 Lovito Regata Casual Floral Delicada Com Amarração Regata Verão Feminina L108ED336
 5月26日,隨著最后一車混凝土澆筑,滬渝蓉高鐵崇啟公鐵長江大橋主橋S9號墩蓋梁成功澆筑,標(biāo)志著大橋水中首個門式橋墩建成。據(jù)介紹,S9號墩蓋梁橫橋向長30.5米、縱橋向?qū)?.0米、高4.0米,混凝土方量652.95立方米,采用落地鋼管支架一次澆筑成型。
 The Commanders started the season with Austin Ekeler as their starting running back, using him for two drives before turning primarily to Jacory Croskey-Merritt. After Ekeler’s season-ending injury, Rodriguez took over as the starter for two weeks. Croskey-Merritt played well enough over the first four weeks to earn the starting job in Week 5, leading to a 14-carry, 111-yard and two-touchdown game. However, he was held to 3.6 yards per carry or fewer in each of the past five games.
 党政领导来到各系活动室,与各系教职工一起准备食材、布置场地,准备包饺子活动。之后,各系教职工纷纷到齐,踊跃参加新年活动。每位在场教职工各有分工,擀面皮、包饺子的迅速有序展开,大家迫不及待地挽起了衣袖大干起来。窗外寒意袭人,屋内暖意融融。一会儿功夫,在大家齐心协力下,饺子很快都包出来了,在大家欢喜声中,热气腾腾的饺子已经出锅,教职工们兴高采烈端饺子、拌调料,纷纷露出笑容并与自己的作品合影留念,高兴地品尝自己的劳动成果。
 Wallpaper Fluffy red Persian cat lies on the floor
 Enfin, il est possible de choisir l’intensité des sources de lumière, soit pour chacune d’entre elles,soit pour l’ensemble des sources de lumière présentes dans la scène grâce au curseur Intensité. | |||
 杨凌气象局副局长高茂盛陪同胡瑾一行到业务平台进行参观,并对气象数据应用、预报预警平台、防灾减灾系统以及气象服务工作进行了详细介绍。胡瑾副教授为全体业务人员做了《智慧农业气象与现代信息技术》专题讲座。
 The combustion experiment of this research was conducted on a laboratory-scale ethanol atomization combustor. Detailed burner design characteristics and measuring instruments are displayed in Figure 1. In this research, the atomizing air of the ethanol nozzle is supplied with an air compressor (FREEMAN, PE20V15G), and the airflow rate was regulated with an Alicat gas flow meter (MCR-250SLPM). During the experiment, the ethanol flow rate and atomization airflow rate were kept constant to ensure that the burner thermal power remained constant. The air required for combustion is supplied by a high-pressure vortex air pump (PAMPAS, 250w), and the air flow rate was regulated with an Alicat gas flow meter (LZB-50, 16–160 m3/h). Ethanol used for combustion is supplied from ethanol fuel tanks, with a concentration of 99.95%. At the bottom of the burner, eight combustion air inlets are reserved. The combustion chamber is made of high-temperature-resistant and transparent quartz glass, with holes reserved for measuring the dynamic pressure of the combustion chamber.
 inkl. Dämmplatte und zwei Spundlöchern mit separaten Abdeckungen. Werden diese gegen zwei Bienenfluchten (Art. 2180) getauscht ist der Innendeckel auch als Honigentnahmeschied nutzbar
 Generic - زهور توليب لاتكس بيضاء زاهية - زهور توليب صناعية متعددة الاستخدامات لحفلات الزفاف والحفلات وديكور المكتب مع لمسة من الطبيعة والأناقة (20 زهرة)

**Work instruction**
When you reach the line in the material above that holds "党政领导来到各系活动室,与各", begin reproducing lines exactly, and stop after the line that holds "Wallpaper Fluffy red".

**Problem solution**
 党政领导来到各系活动室,与各系教职工一起准备食材、布置场地,准备包饺子活动。之后,各系教职工纷纷到齐,踊跃参加新年活动。每位在场教职工各有分工,擀面皮、包饺子的迅速有序展开,大家迫不及待地挽起了衣袖大干起来。窗外寒意袭人,屋内暖意融融。一会儿功夫,在大家齐心协力下,饺子很快都包出来了,在大家欢喜声中,热气腾腾的饺子已经出锅,教职工们兴高采烈端饺子、拌调料,纷纷露出笑容并与自己的作品合影留念,高兴地品尝自己的劳动成果。
 Wallpaper Fluffy red Persian cat lies on the floor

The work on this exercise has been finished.